--- Data segment Enclosed Below ---
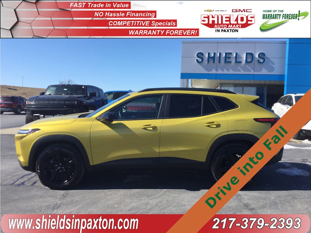 Passionate enthusiasts wanted for this dominant and agile 2024 Chevrolet Trax ACTIV. Savor silky smooth shifting from the Automatic transmission paired with this precision tuned Turbocharged Gas 3-Cyl 1.2L/ engine. With an incredible amount of torque, this vehicle deserves a passionate owner! It's loaded with the following options: WHEELS, 18 (45.7 CM) BLACK-PAINTED ALUMINUM (STD), TRANSMISSION, 6-SPEED AUTOMATIC (STD), SEATS, FRONT BUCKET (STD), NITRO YELLOW METALLIC, LPO, ALL-WEATHER FLOOR LINERS, FRONT AND REAR Jet Black., LICENSE PLATE FRONT MOUNTING PACKAGE, JET BLACK WITH YELLOW ACCENTS, EVOTEX SEAT TRIM, ENGINE, ECOTEC 1.2L TURBO DOHC DI WITH VARIABLE VALVE TIMING (VVT) (137 hp [102 kW] @ 5000 rpm, 162 lb-ft of torque [219 N-m] @ 2500 rpm) (STD), AXLE, 3.50 FINAL DRIVE RATIO, and AUDIO SYSTEM, 11 DIAGONAL HD COLOR TOUCHSCREEN AM/FM stereo. Additional features for compatible phones include: Bluetooth audio streaming for 2 active devices, voice command pass-through to phone, wireless Apple CarPlay and wireless Android Auto capable (STD). Find excuses for road trips in this spirited and whimsical Chevrolet Trax. Visit Shields Auto Mart located at 580 John St, Paxton, IL 60957 for a hassle-free deal!
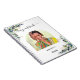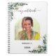 Personalisieren und fügen Sie Ihr eigenes Foto in den bogenförmigen Rahmen. Eine weiße Hintergrundfarbe. Die Einrichtung ist mit Eukalyptusgrün und goldgelbem Blattwerk gestaltet. Fügen Sie einen Titel, Ihren Namen und ein Jahr hinzu. Der Titel wird mit einem modernen handgeschriebenen Stilskript mit Swashes geschrieben. Um die Swashes behalten, löschen Sie nur den Beispielnamen, verlass die Leerzeichen oder Emoji's vor und nach dem Namen.
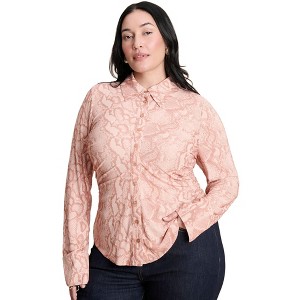 ELOQUII Printed Button Up Top - 14, Snakeskin Sheer
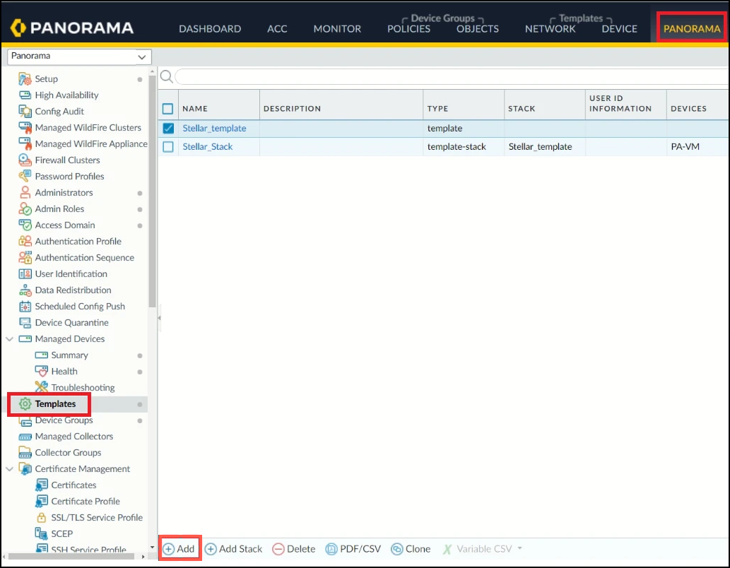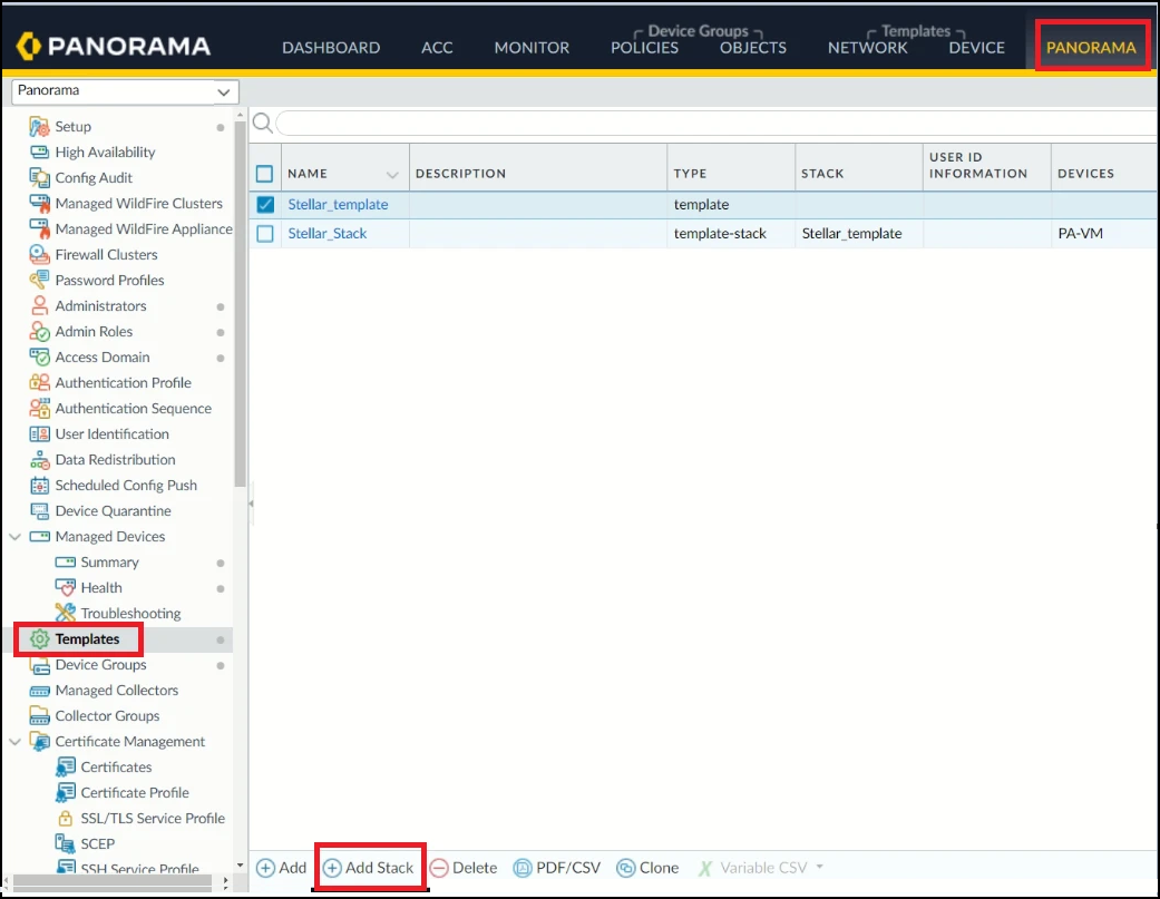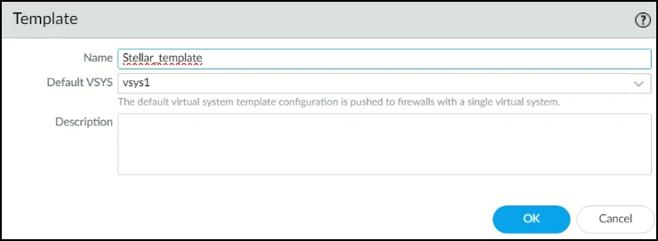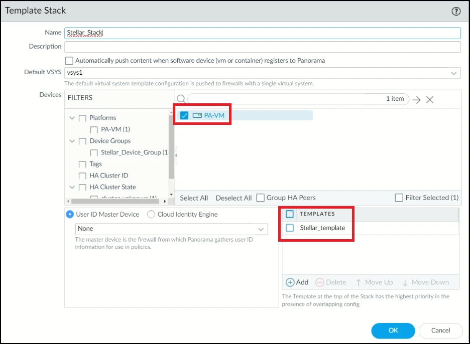7. In the Template Stack screen, enter the Name of the template stack. In this example, it is Stellar_Stack.
--- End of Enclosed Data segment ---
* [Required action]: Please reproduce, exactly and only, the lines from the line containing "Personalisieren und fügen" through the last line of the material above, minus any pictures.

* [Problem solution]:
 Personalisieren und fügen Sie Ihr eigenes Foto in den bogenförmigen Rahmen. Eine weiße Hintergrundfarbe. Die Einrichtung ist mit Eukalyptusgrün und goldgelbem Blattwerk gestaltet. Fügen Sie einen Titel, Ihren Namen und ein Jahr hinzu. Der Titel wird mit einem modernen handgeschriebenen Stilskript mit Swashes geschrieben. Um die Swashes behalten, löschen Sie nur den Beispielnamen, verlass die Leerzeichen oder Emoji's vor und nach dem Namen.
 ELOQUII Printed Button Up Top - 14, Snakeskin Sheer
7. In the Template Stack screen, enter the Name of the template stack. In this example, it is Stellar_Stack.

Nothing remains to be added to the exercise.